» **Problem**:
From the line containing "2.在应用中可以查看对应的收费标准,管理充电收费" through the last line of the listing, output each line exactly as it stands. Omit pictures.
*** Opening Supplied information ***
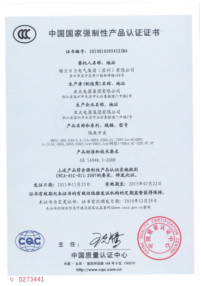 MRGL-400隔離開(kāi)關(guān)資質(zhì)證書(shū)
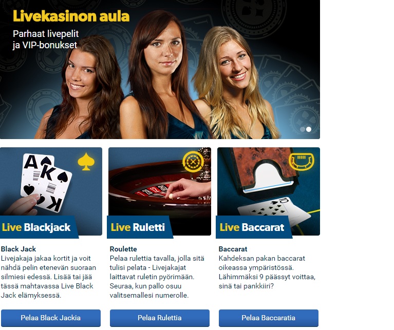 Live-kasinossa on tarjolla yhteensä viisi eri peliä: Blackjack, ruletti, baccarat, kolmen kortin pokeri ja casino holdem. Live-kasino toimii suoratoistoyhteydellä videokameran välitykselle joten sinun ei tarvitse ladata minkäänlaista ohjelmistoa sen käyttämiseen. Lähetys tulee suorana Latviasta, Riikasta jossa kauniit ja ammattitaitoiset pelinhoitajat pitävät pelit käynnissä.
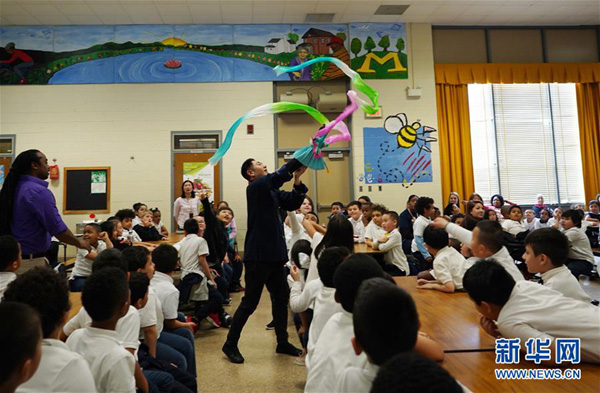 3月20日,在美国马里兰州乔治王子县的潘布兰奇小学,福建漳州布袋木偶戏传承人陈黎晖(中)表演木偶戏。新华社记者 熊茂伶 摄
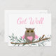 Get Well pink owl postcard.
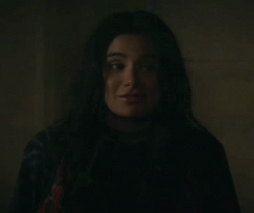 콘텐츠 설명: a woman is smiling in a dark room while wearing a black jacket .
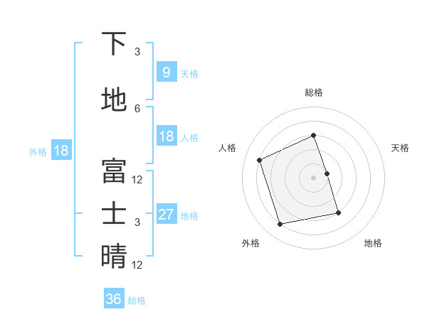 下地 富士晴さんを姓名の画数から五運を鑑定
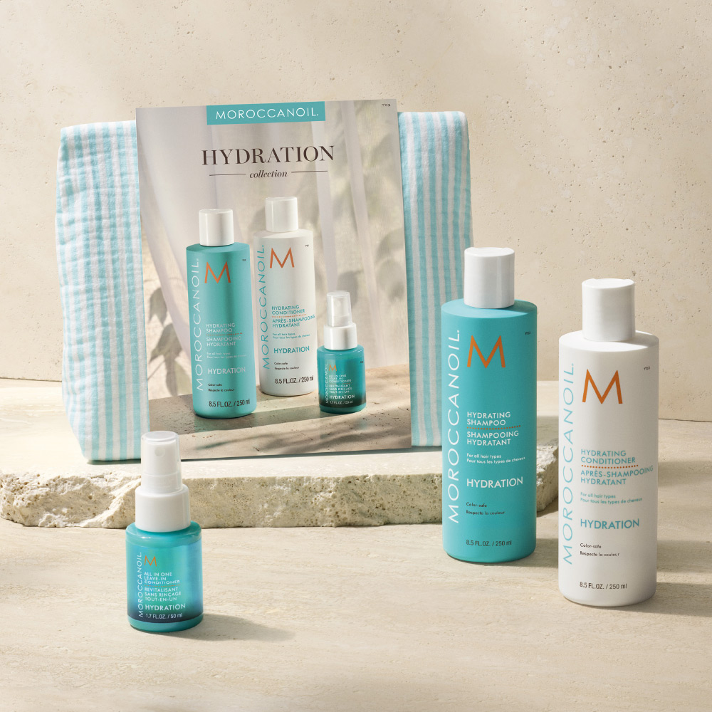 Весенний набор Moroccanoil Hydration в полосатой косметичке 2026
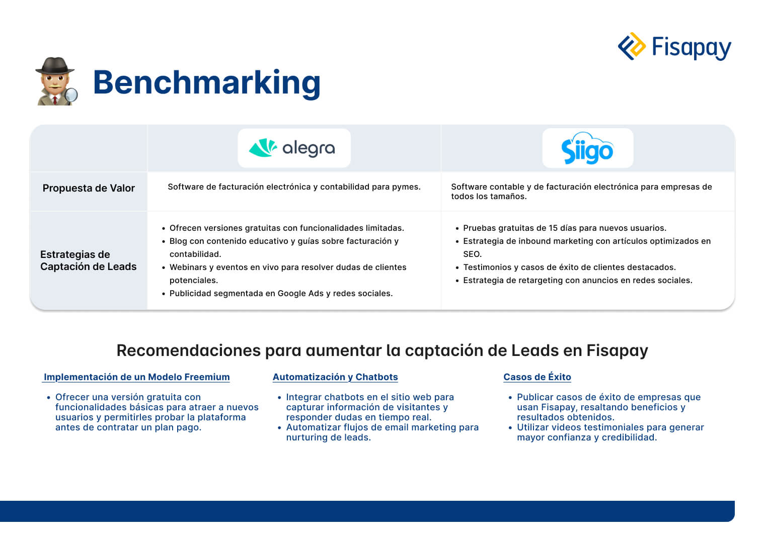 Se revisaron métricas clave como la tasa de conversión, el abandono del formulario y el comportamiento de los usuarios en la landing actual. Paralelamente, se realizó un benchmarking con competidores del sector financiero y contable como Alegra y Siigo, identificando buenas prácticas en sus páginas de aterrizaje.
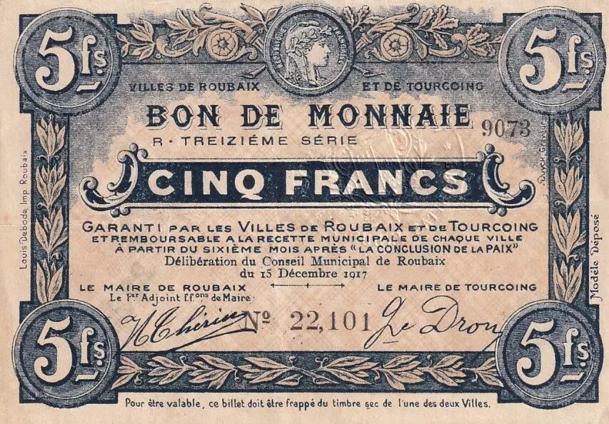 This type of banknote testifies to the monetary adaptations put in place by local authorities to compensate for the lack of liquidity and facilitate economic transactions within the populations. The association of the cities of Roubaix and Tourcoing for this issue highlights inter-municipal cooperation in the face of the economic challenges of the time.
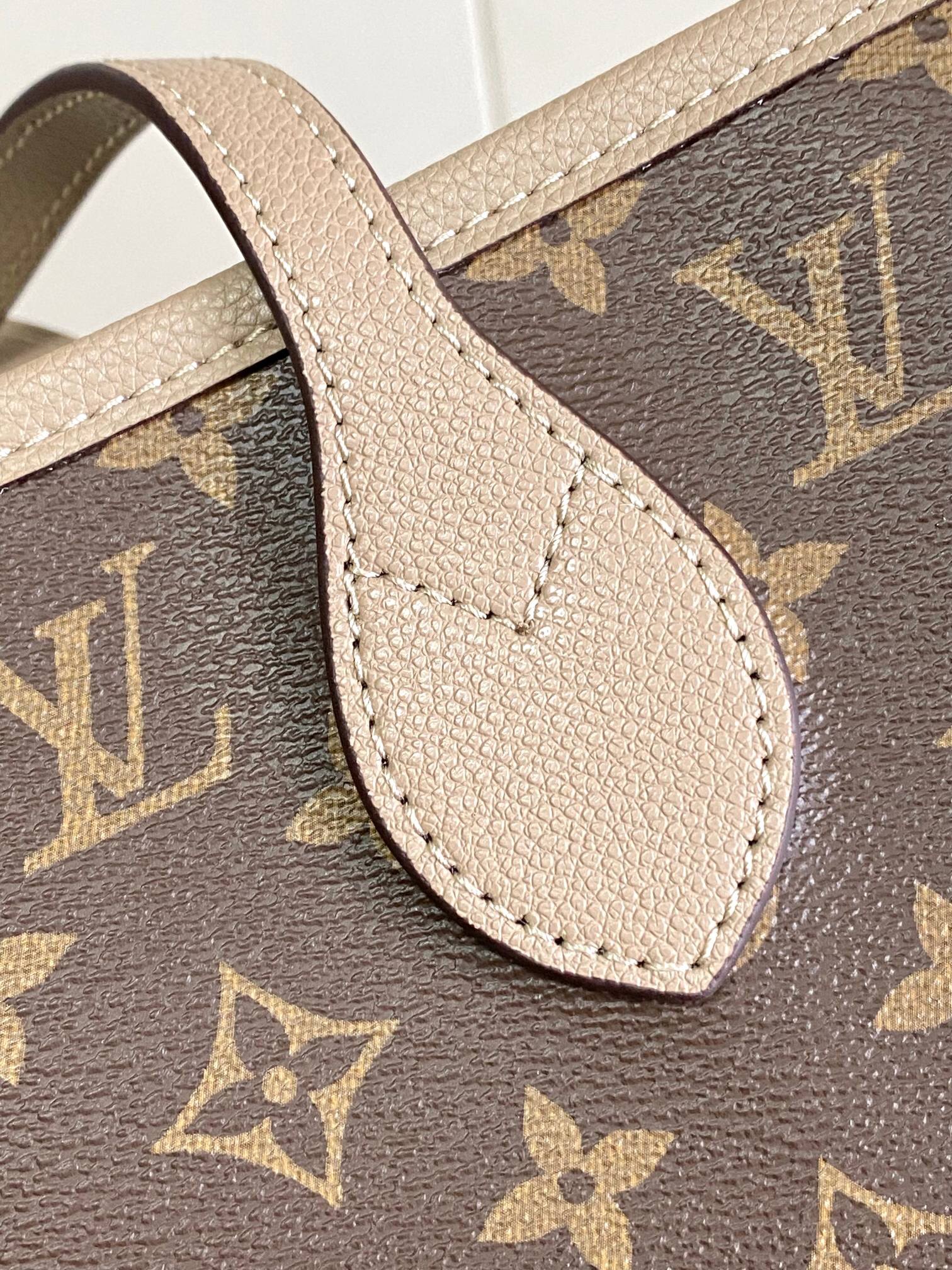 The Neverfull MM tote unites timeless design with heritage details. Made from supple Monogram canvas with natural cowhide trim, it is roomy yet not bulky, with side laces that cinch for a sleek allure or loosen for a casual look. Slim, comfortable handles slip easily over the shoulder or arm. Lined in colorful textile, it features a removable pouch which can be used as a clutch or an extra pocket.
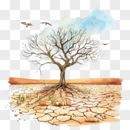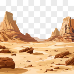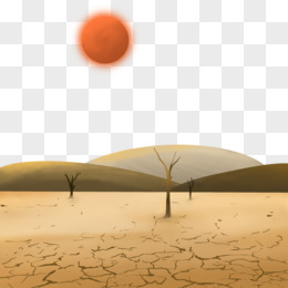 手绘卡通沙漠跟绿洲对比图免抠素材
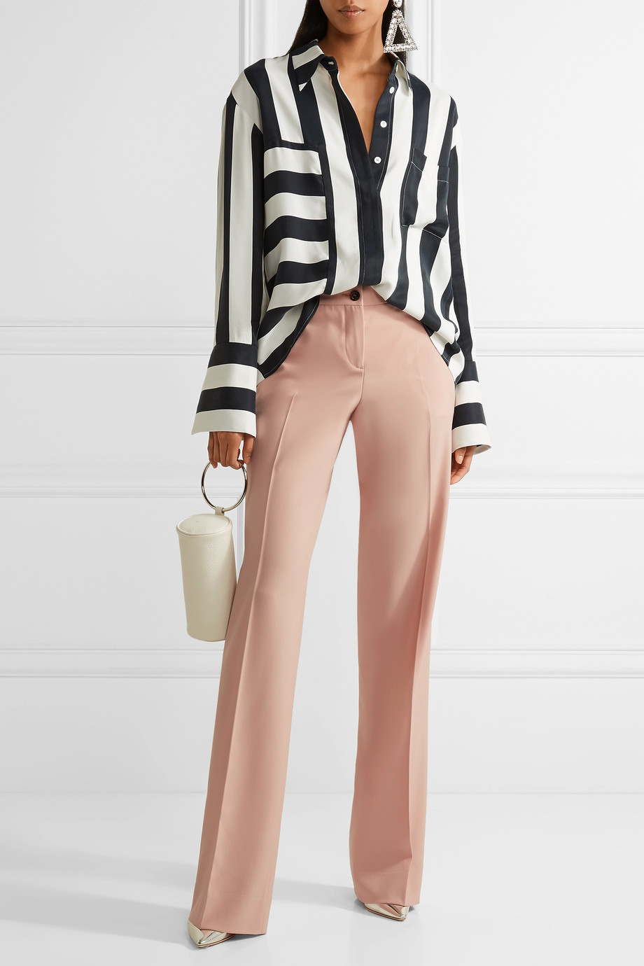 Striped satin-twill wide-leg pants Striped satin-twill wide-leg pants
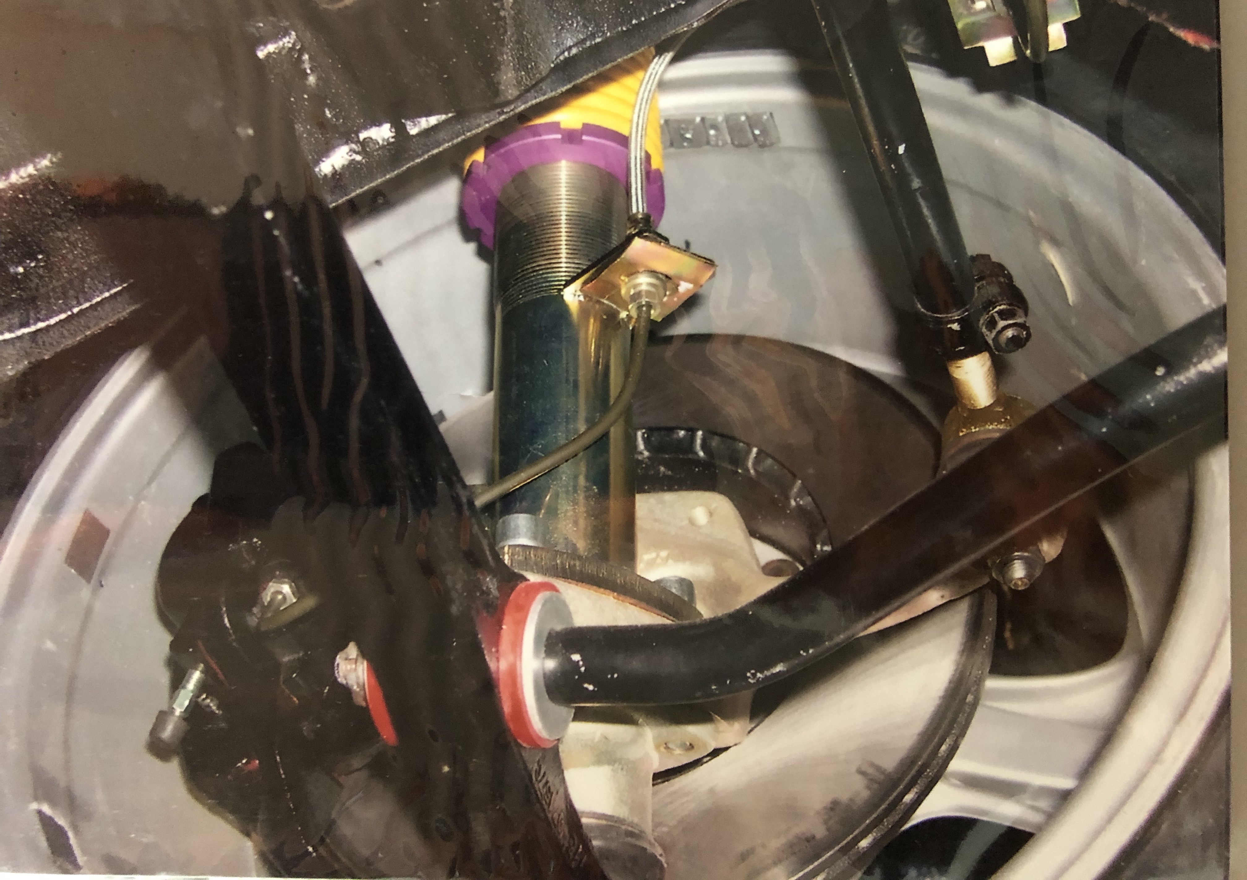 Suspensions koni jaune arrière et combinés kersher filetés rouge koni avant.
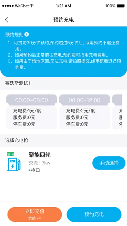 2.在应用中可以查看对应的收费标准,管理充电收费
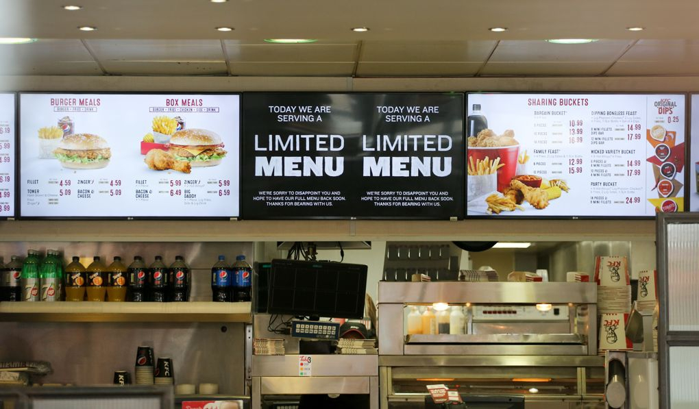 英國(guó)境內(nèi)有 500 多家肯德基暫停營(yíng)業(yè),員工們都被鼓勵(lì)去好好休個(gè)假。剩下的 300 多家繼續(xù)開業(yè)的門店,也大多縮短了營(yíng)業(yè)時(shí)間或者砍掉了一些菜品。
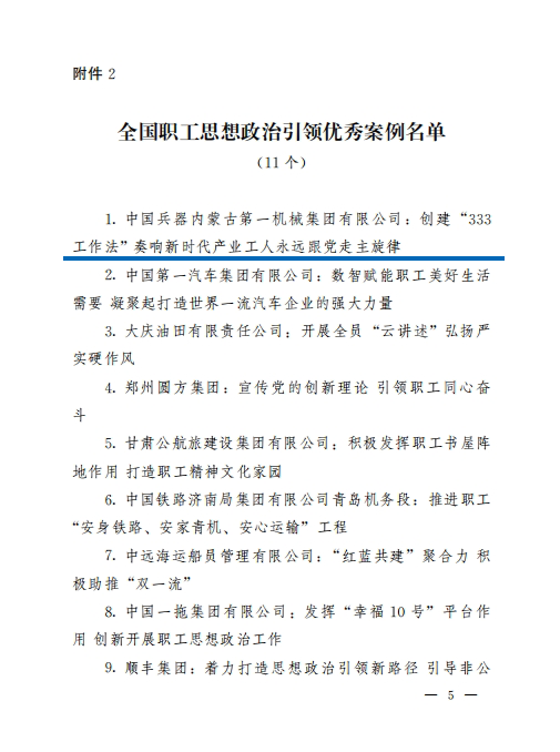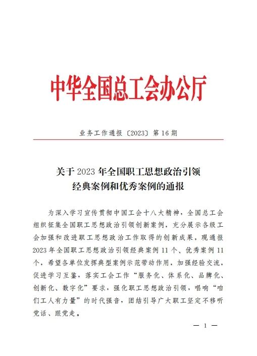 为深入学习宣传贯彻中国工会十八大精神,充分展示各级工会加强和改进职工思想政治工作取得的创新成果,强化职工思想政治引领,唱响 “咱们工人有力量”的时代强音,团结引导广大职工坚定不移听党话、跟党走,近日,全国总工会通报2023年全国职工思想政治引领经典案例和优秀案例评选活动获奖名单,一机集团“创建333工作法 奏响新时代产业工人永远跟党走主旋律”一文获评“全国职工思想政治引领优秀案例”,是全区唯一一家获评单位。
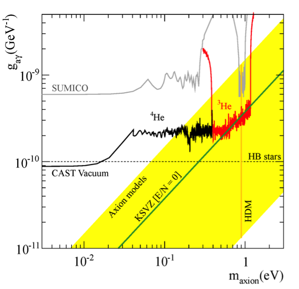 In the CAST helioscope the signal of axions would have emerged as an excess of counts of the X-rays detectors within the beam spot when the magnet was pointing to the sun and the background remained constant outside of the beam spot. Operating the experiment with either empty bores or filled with 3He or 4He, respectively, at varying densities allowed for scanning different mass regions of the axion phase space. CAST was able to constrain the axion-photon coupling constant from the very low up to the hot dark matter sector. The search range now generously overlaps with the current cosmic hot dark matter bound of ma ≲ 0.9 eV and there would be little benefit in pushing to yet larger masses with the buffer-gas technique as it is shown in Figure 1.
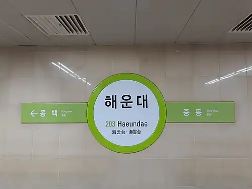 Haeundae station (Korean: 해운대역) is a station on the Busan Metro Line 2 in U-dong, Haeundae District, Busan, South Korea.[1] The station is unrelated to the Sinhaeundae station operated by Korail.
*** Closing Supplied information ***
» **Written response**:
 2.在应用中可以查看对应的收费标准,管理充电收费
 英國(guó)境內(nèi)有 500 多家肯德基暫停營(yíng)業(yè),員工們都被鼓勵(lì)去好好休個(gè)假。剩下的 300 多家繼續(xù)開業(yè)的門店,也大多縮短了營(yíng)業(yè)時(shí)間或者砍掉了一些菜品。
 为深入学习宣传贯彻中国工会十八大精神,充分展示各级工会加强和改进职工思想政治工作取得的创新成果,强化职工思想政治引领,唱响 “咱们工人有力量”的时代强音,团结引导广大职工坚定不移听党话、跟党走,近日,全国总工会通报2023年全国职工思想政治引领经典案例和优秀案例评选活动获奖名单,一机集团“创建333工作法 奏响新时代产业工人永远跟党走主旋律”一文获评“全国职工思想政治引领优秀案例”,是全区唯一一家获评单位。
 In the CAST helioscope the signal of axions would have emerged as an excess of counts of the X-rays detectors within the beam spot when the magnet was pointing to the sun and the background remained constant outside of the beam spot. Operating the experiment with either empty bores or filled with 3He or 4He, respectively, at varying densities allowed for scanning different mass regions of the axion phase space. CAST was able to constrain the axion-photon coupling constant from the very low up to the hot dark matter sector. The search range now generously overlaps with the current cosmic hot dark matter bound of ma ≲ 0.9 eV and there would be little benefit in pushing to yet larger masses with the buffer-gas technique as it is shown in Figure 1.
 Haeundae station (Korean: 해운대역) is a station on the Busan Metro Line 2 in U-dong, Haeundae District, Busan, South Korea.[1] The station is unrelated to the Sinhaeundae station operated by Korail.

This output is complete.